第4章 懐かしい味と、優しい味
『私には、皆さんがどのような編成で組むのが一番最良かという満足な編成は出来ませんでした。だからこそ、過去の色々な組み合わせや長谷部さんからのお話を聞いて、それで』
次「・・・それで?」
戸惑う私の気持ちを覗くかのように、次郎太刀さんの目はまっすぐに私を捕らえる。
大太刀をひと振り必要なら太郎太刀さんじゃなくてもと私も長谷部さんに同じ事を言った。
その長谷部さんも過去のデータやこの間の演練での結果などを踏まえて太郎太刀さんをと私に提案してくれた。

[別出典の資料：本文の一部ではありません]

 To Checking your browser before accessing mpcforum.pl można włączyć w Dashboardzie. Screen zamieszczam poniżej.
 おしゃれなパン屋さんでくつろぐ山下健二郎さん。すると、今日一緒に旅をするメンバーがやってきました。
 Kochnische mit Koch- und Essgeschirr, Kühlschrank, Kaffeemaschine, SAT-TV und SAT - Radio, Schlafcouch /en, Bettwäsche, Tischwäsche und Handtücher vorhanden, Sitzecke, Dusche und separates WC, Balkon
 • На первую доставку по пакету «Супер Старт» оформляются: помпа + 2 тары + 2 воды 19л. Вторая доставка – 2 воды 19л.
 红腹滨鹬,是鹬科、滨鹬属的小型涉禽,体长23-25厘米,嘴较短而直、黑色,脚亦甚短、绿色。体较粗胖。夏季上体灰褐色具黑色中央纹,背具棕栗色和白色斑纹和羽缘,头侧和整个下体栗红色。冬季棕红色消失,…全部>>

ただ最後の最後まで長谷部さんも、結論を迷ってのことだけれど。
長谷部さんの思案した最終候補には、次郎太刀さんの名前も残っていた。
それならいっそ太郎太刀さんではなく、次郎太刀さんに変更をしても良いのではないか?と自分自身に問い、ならばとそっと目を伏せた。
『変更を、伝えます』
長「・・・主?」
私が出そうとする決断を先読みして目を見張る長谷部さんに小さく首を振って見せ、その後、次郎太刀さんを見る。
『大太刀は、次郎太刀に』
たったそれだけを伝えれば、次郎太刀さんはフッと小さく笑ったようにも見え、それまで静かにやり取りを見守っていたみんなからはざわつきが聞こえて来る。

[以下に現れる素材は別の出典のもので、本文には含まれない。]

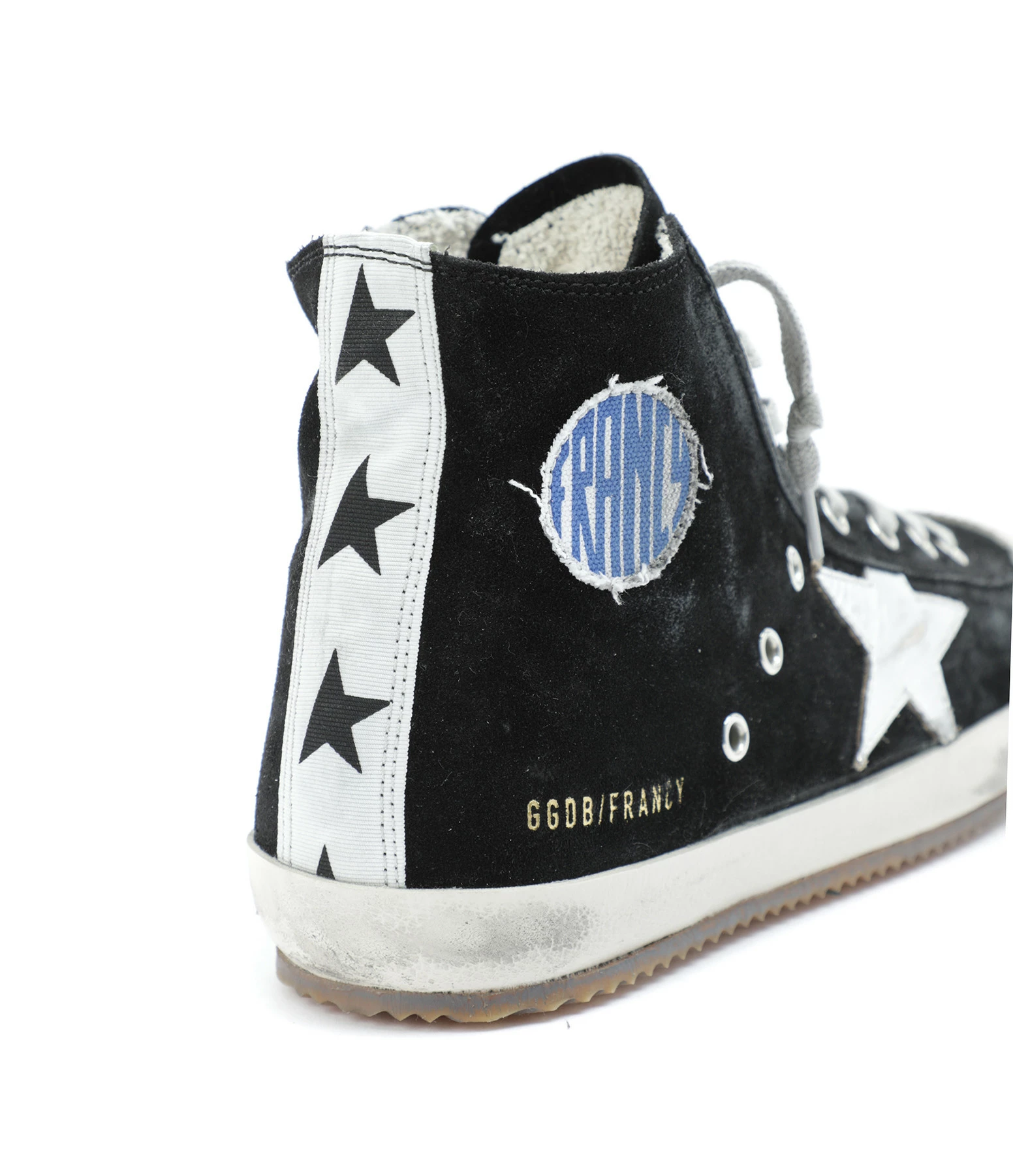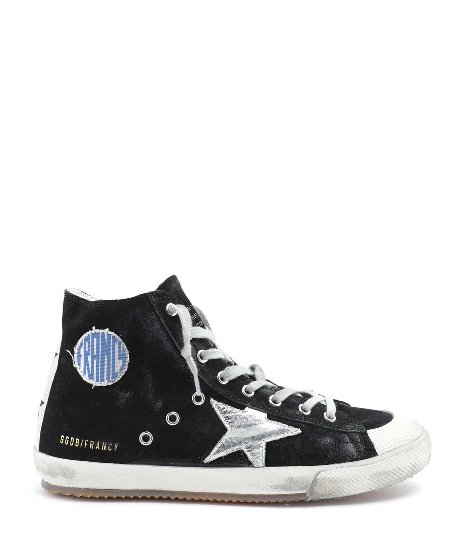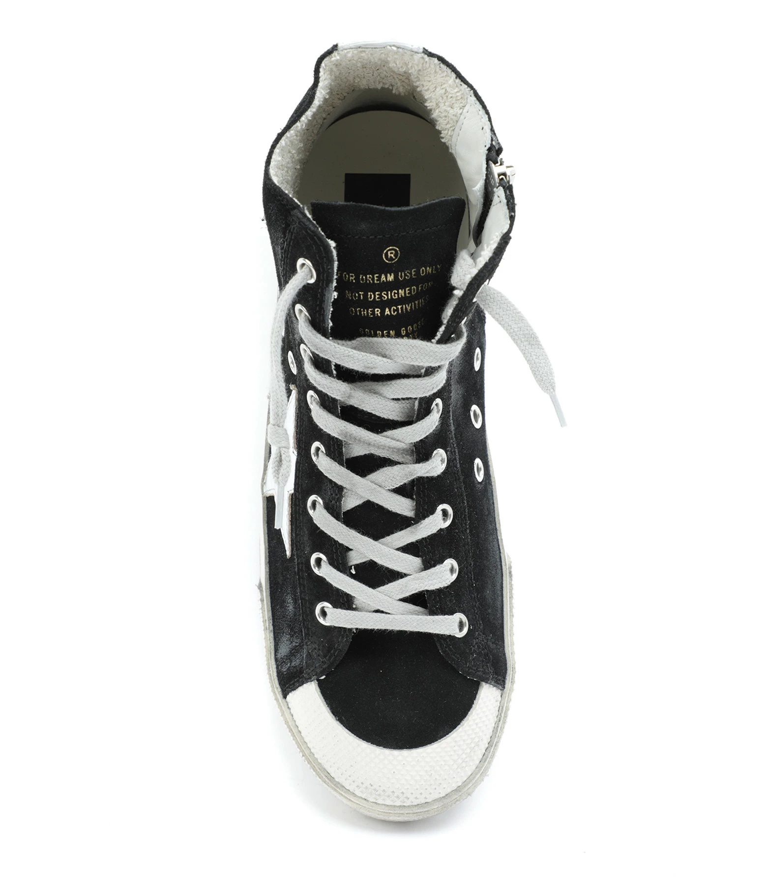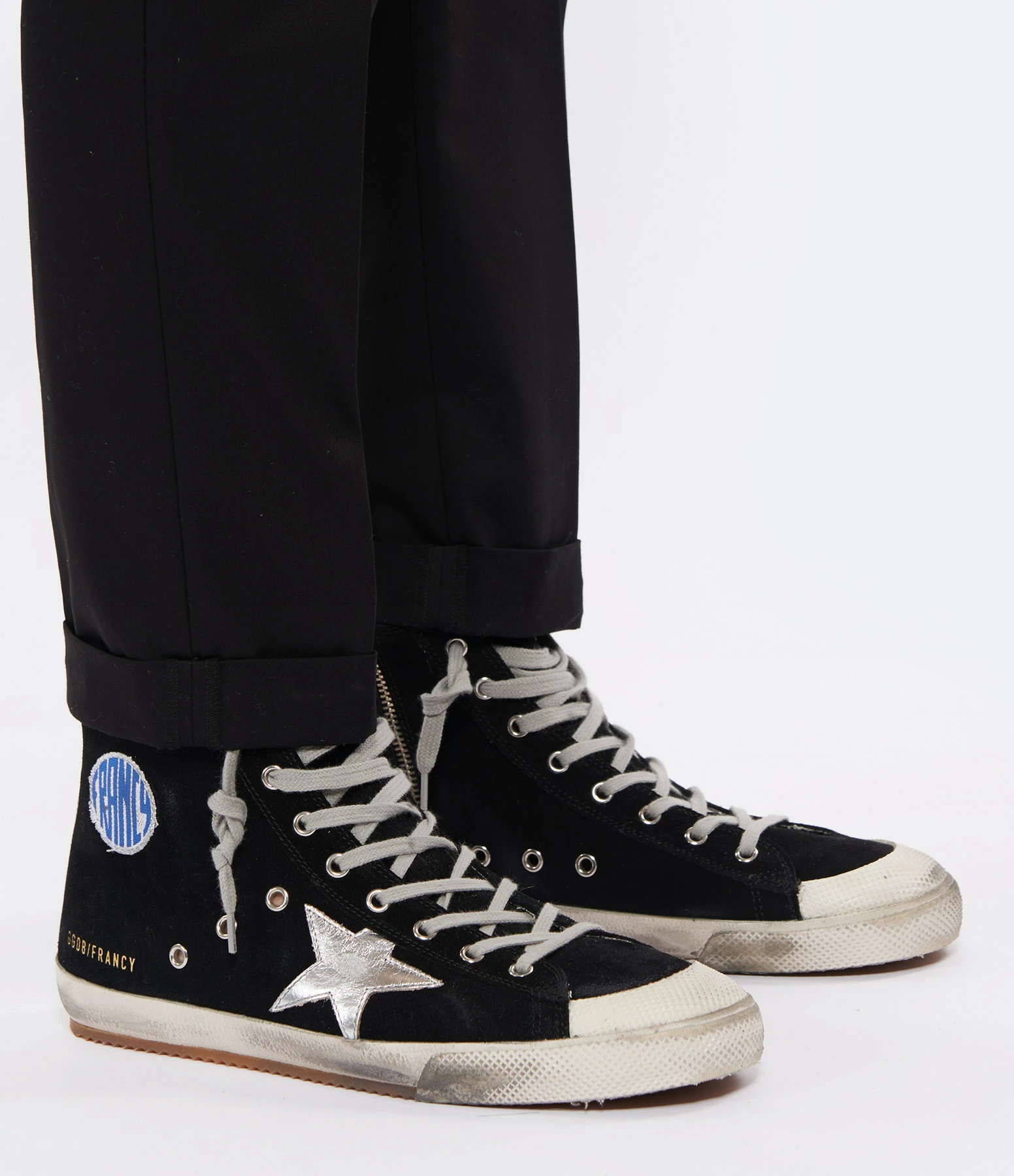 Baskets montantes pour homme en cuir suédé noir. Empiècement étoile en cuir lisse argenté. Tige en tissus blanc à imprimé étoile. Lacets gris. Fermeture par zip sur le côté. Intérieur en cuir et maille bouclette.

だけど、それをまた静かな時間に戻せるように私は続けた。
『これが最良であるかは、分かりません。ただひとつ討伐に行く皆さんにお伝えしたい事は、どうか・・・どうかご無事で』
視界の隅に、静かに立ち上がり広間を出て行く太郎太刀さんが映る。
次「やれやれ、アンタに言われちゃァ、頑張るしかないね」
長「次郎太刀、貴様!!」
肩を竦めて笑う次郎太刀さんに長谷部さんが叫ぶも、私は大丈夫だからとその長谷部さんの袖を掴んで止めた。
『私からの伝達は以上です。長谷部さん、後をよろしくお願いします・・・少しだけ、ひとりにして下さい』
長「では、部屋までお送り致します」
そんな長谷部さんの申し出もやんわりと断り、私は太郎太刀さんを追うように広間から出た。